In January, Megaupload was wiped off the face of the Internet, its domain names seized, assets confiscated, and founders imprisoned by New Zealand police acting on behalf of the US government. The popular filesharing site’s closure started a firestorm on the internet, spurring the “hacktivist” group Anonymous to launch a successful denial-of-service attack against the Deparment of Justice, the RIAA and others. The site’s closure had a domino effect , causing many other “cyberlocker” sites—including FileSonic, Uploaded.to, UploadBoc, FileJungle and FileServe, amongst scads of others—to either clamp down on file sharing or preemptively shut down their entire service, fearing similar government action.
The debate over SOPA, the much-maligned internet piracy act, was raging at the time, and MegaUpload’s closure led many to question whether the act was even necessary if the US government already had the wide-ranging power necessary to take down a Hong Kong-based company run by New Zealand nationals.
Megaupload founder Kim Dotcom became a minor New Zealand celebrity after the raid, and has won a series of court victories since.

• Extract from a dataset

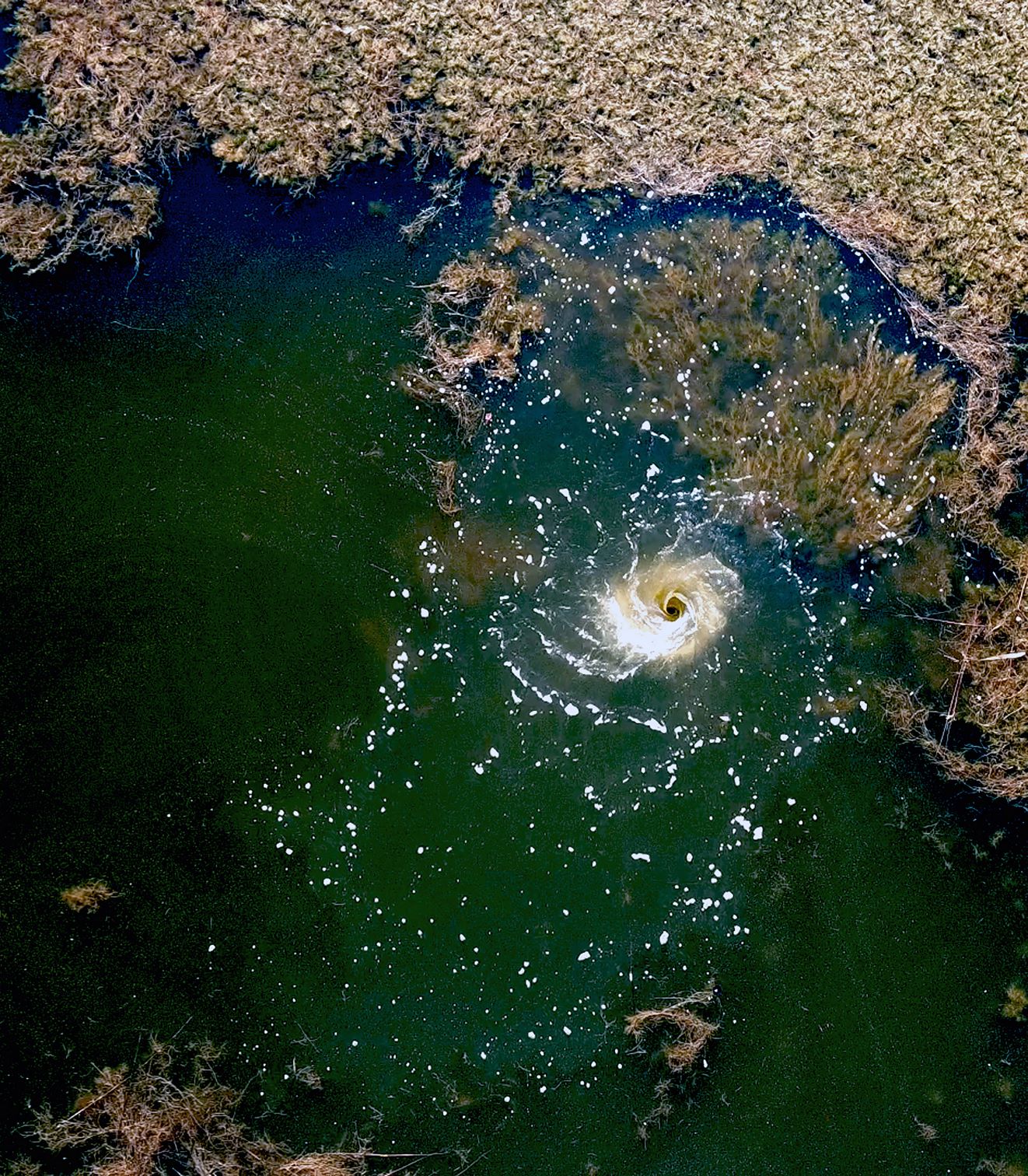 Presentato in anteprima l’8 giugno in occasione della Giornata Mondiale degli Oceani, “Il Grande Orecchio” è forse l’opera più forte a detta degli stessi artisti di Officinadïdue. Si tratta di un’opera sonora e fruibile solo due volte al giorno: alle ore 10.00 e 19.00. Un vortice che sgorga da uno specchio d’acqua nell’isola di Albarella, accompagnato da un sound che mixa più di 50 voci di cetacei: un invito a mettersi in ascolto del fragile ecosistema marino. “L’orecchio ha una simbologia antica associato alla saggezza di chi sa ascoltare” raccontano Bonaventura e Mainardi. “Serve predisporsi e, tramite la spirale - movimento archetipo dell’acqua- ascoltare la voce dell’ecosistema marino. Sono due mondi che comunicano fra loro. Il vortice è un mezzo per auscultare il fondo del mare e mettere in dialogo il sopra e il sotto, noi e loro.”

New Zealand judges have given Dotcom the right to press charges against the government for illegally spying on him prior to the raid—creating a political firestorm that resulted in NZ Prime Minister John Key apologizing to Dotcom— and found that the warrants used to raid Megaupload manor were invalid, rendering the whole search and seizure illegal. Though the ultimate question of his extradition to the US is still unanswered, Dotcom is moving ahead with plans to launch Mega —an encrypted file sharing successor to Megaupload.